I am the last person who wants anyone to quit piano lessons…ever! But I am the first one to admit it happens. Maybe your child just isn’t into it anymore, and you’re tired of fighting with her about practicing. Perhaps your schedule is overloaded and something has got to give. A job loss or financial setback may also cause you to feel as though you have to stop lessons. It could be that you want to continue lessons but you think it’s time for a new teacher.
How Piano Teachers Think
OK, I am not a psychic. I don’t know exactly how or what every teacher thinks but I know enough teachers personally to tell you that we hate it when a student leaves. Yes, business is Business but piano teaching is more than that for most of us. Speaking for myself I try not to. take it personally but it still feels “icky” especially if I have been working with your child for a while. If you have carefully considered all of the options and have decided it’s time for a change there are some ways to make the situation a little easier.

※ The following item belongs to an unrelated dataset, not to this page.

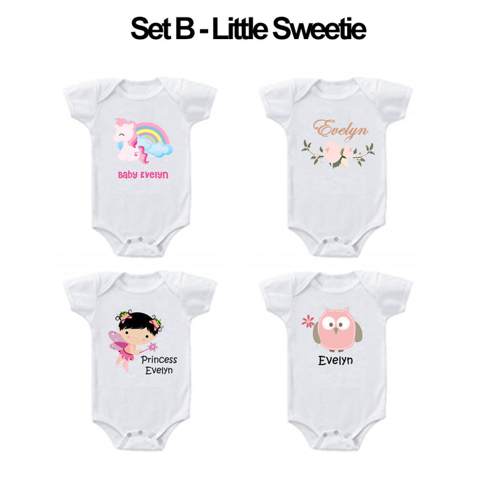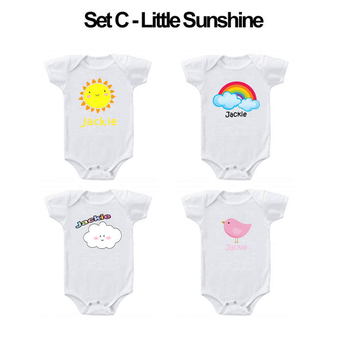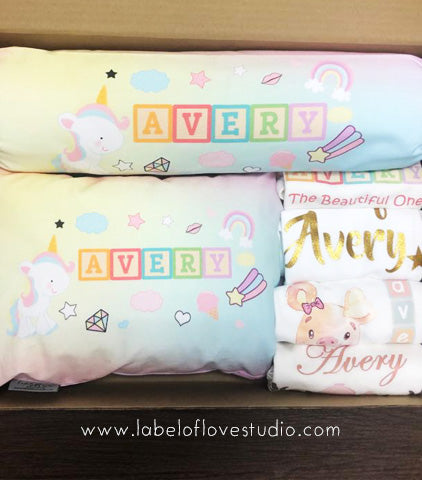 4 beautiful personalized rompers or tees with a personalized pillow/ bolster set, just how sweet is that? Refer to romper/ tee sizes here.

Let your teacher know what is going on. Be honest, if your child has lost interest your teacher knows this and most likely will be understanding. If you are having some other issue (financial etc.) you don’t have to give details but you can say that you have a lot on your plate and piano lessons don’t fit right now. If you like the teacher let him know that you have appreciated his work. This will make the news of your child’s leaving much easier.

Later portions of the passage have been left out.